[What is being asked]: Every line below from the one containing "ハニーサックル 和名… スイカズラ" through the one containing "Langærmet High Vis" must be transcribed exactly. Omit all lines outside that stretch.

[Items from a data source]:
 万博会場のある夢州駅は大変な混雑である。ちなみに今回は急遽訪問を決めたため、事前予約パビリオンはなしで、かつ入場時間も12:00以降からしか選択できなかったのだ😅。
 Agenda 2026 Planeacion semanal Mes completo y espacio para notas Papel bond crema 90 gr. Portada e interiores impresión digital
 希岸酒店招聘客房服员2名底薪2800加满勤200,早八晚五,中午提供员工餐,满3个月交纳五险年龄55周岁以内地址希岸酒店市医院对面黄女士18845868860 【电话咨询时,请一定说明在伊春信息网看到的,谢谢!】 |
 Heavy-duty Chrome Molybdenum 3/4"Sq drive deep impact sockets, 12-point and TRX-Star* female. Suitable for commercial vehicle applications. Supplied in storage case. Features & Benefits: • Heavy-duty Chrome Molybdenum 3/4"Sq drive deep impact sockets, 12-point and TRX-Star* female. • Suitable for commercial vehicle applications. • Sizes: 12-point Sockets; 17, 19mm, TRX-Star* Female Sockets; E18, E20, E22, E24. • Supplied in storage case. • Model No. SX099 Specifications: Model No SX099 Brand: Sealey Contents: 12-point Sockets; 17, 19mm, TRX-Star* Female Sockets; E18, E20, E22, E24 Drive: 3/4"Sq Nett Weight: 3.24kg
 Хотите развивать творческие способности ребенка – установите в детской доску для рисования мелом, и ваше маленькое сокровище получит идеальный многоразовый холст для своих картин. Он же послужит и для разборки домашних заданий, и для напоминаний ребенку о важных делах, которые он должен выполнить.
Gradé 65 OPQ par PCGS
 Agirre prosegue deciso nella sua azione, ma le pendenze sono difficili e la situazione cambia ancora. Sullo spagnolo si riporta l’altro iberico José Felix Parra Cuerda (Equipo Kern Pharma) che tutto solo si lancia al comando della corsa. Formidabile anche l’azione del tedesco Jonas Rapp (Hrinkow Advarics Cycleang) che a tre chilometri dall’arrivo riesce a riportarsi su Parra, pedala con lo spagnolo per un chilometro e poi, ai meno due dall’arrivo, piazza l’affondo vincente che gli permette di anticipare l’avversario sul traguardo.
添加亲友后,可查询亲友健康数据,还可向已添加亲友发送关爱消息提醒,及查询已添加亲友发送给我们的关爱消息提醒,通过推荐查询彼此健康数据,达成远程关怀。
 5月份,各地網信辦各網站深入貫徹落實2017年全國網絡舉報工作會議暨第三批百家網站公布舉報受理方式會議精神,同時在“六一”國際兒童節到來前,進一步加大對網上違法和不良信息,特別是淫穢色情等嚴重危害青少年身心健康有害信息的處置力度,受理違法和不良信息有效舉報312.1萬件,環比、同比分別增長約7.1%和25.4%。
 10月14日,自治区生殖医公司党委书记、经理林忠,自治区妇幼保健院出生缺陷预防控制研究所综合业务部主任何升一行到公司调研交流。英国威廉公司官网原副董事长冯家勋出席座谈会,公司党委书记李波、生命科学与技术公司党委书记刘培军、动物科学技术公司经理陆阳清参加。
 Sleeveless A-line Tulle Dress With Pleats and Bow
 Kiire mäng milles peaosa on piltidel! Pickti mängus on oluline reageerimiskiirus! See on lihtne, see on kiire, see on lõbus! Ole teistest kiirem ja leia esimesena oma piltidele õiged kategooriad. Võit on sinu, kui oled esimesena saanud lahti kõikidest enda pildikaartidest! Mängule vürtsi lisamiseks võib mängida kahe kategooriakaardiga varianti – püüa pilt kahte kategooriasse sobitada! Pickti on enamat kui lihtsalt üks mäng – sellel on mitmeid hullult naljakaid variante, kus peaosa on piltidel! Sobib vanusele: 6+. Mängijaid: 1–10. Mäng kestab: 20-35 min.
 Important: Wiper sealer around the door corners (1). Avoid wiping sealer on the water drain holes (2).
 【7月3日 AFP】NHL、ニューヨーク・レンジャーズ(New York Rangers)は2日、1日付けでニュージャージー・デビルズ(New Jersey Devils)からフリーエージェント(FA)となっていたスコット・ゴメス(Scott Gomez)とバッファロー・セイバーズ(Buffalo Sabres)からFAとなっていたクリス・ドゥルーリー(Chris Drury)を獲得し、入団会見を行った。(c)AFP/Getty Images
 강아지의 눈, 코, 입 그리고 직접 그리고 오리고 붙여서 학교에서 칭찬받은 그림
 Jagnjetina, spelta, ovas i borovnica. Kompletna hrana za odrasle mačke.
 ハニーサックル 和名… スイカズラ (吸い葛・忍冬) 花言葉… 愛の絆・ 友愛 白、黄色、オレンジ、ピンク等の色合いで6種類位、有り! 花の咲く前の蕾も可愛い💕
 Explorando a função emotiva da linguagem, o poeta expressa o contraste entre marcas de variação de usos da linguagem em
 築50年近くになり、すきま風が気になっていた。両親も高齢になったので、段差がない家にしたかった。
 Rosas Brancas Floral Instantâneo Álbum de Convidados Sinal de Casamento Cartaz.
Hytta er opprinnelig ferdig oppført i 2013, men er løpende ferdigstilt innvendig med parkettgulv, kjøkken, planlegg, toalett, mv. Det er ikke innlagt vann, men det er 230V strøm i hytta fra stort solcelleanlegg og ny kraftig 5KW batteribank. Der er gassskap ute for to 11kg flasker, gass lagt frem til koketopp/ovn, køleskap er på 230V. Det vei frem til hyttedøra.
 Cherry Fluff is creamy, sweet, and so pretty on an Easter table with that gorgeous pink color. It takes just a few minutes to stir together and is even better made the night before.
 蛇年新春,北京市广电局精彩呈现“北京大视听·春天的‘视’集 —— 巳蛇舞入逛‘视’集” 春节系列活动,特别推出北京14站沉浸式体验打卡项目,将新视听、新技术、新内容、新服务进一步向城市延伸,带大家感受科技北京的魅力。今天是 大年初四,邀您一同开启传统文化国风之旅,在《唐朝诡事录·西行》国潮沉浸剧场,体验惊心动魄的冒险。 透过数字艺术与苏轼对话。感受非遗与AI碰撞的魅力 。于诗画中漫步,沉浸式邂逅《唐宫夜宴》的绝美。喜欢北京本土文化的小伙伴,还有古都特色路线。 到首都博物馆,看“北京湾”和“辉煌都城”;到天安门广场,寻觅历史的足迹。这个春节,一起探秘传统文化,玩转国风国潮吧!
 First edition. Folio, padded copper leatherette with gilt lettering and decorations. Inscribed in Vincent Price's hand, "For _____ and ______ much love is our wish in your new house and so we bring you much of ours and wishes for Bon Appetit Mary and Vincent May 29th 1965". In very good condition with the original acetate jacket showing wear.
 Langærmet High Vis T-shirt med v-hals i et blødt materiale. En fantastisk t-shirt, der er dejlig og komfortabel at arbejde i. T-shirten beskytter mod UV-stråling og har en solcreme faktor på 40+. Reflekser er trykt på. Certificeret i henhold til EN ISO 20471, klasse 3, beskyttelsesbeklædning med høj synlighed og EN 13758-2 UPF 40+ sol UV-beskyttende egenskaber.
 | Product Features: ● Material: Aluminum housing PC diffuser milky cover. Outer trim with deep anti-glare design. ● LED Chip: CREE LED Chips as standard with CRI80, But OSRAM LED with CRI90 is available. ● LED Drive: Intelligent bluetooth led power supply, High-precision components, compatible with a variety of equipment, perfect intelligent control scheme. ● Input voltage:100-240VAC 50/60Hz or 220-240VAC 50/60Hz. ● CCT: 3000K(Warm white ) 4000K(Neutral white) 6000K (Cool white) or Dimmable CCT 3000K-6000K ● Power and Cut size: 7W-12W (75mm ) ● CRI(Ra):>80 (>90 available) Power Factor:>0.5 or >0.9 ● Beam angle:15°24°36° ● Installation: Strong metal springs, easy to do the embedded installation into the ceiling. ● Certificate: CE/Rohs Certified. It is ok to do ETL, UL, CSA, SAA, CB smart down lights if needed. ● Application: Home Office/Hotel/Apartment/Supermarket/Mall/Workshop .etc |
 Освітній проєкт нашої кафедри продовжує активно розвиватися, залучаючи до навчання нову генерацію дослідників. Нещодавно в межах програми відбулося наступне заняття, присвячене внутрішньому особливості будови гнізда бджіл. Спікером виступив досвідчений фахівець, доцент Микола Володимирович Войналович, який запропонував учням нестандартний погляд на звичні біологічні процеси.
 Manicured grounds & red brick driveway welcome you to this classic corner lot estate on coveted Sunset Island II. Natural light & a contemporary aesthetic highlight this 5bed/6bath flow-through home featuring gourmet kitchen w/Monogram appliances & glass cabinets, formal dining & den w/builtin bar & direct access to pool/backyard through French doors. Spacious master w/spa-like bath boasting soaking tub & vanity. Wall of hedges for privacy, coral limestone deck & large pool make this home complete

[Response to this task]:
 ハニーサックル 和名… スイカズラ (吸い葛・忍冬) 花言葉… 愛の絆・ 友愛 白、黄色、オレンジ、ピンク等の色合いで6種類位、有り! 花の咲く前の蕾も可愛い💕
 Explorando a função emotiva da linguagem, o poeta expressa o contraste entre marcas de variação de usos da linguagem em
 築50年近くになり、すきま風が気になっていた。両親も高齢になったので、段差がない家にしたかった。
 Rosas Brancas Floral Instantâneo Álbum de Convidados Sinal de Casamento Cartaz.
Hytta er opprinnelig ferdig oppført i 2013, men er løpende ferdigstilt innvendig med parkettgulv, kjøkken, planlegg, toalett, mv. Det er ikke innlagt vann, men det er 230V strøm i hytta fra stort solcelleanlegg og ny kraftig 5KW batteribank. Der er gassskap ute for to 11kg flasker, gass lagt frem til koketopp/ovn, køleskap er på 230V. Det vei frem til hyttedøra.
 Cherry Fluff is creamy, sweet, and so pretty on an Easter table with that gorgeous pink color. It takes just a few minutes to stir together and is even better made the night before.
 蛇年新春,北京市广电局精彩呈现“北京大视听·春天的‘视’集 —— 巳蛇舞入逛‘视’集” 春节系列活动,特别推出北京14站沉浸式体验打卡项目,将新视听、新技术、新内容、新服务进一步向城市延伸,带大家感受科技北京的魅力。今天是 大年初四,邀您一同开启传统文化国风之旅,在《唐朝诡事录·西行》国潮沉浸剧场,体验惊心动魄的冒险。 透过数字艺术与苏轼对话。感受非遗与AI碰撞的魅力 。于诗画中漫步,沉浸式邂逅《唐宫夜宴》的绝美。喜欢北京本土文化的小伙伴,还有古都特色路线。 到首都博物馆,看“北京湾”和“辉煌都城”;到天安门广场,寻觅历史的足迹。这个春节,一起探秘传统文化,玩转国风国潮吧!
 First edition. Folio, padded copper leatherette with gilt lettering and decorations. Inscribed in Vincent Price's hand, "For _____ and ______ much love is our wish in your new house and so we bring you much of ours and wishes for Bon Appetit Mary and Vincent May 29th 1965". In very good condition with the original acetate jacket showing wear.
 Langærmet High Vis T-shirt med v-hals i et blødt materiale. En fantastisk t-shirt, der er dejlig og komfortabel at arbejde i. T-shirten beskytter mod UV-stråling og har en solcreme faktor på 40+. Reflekser er trykt på. Certificeret i henhold til EN ISO 20471, klasse 3, beskyttelsesbeklædning med høj synlighed og EN 13758-2 UPF 40+ sol UV-beskyttende egenskaber.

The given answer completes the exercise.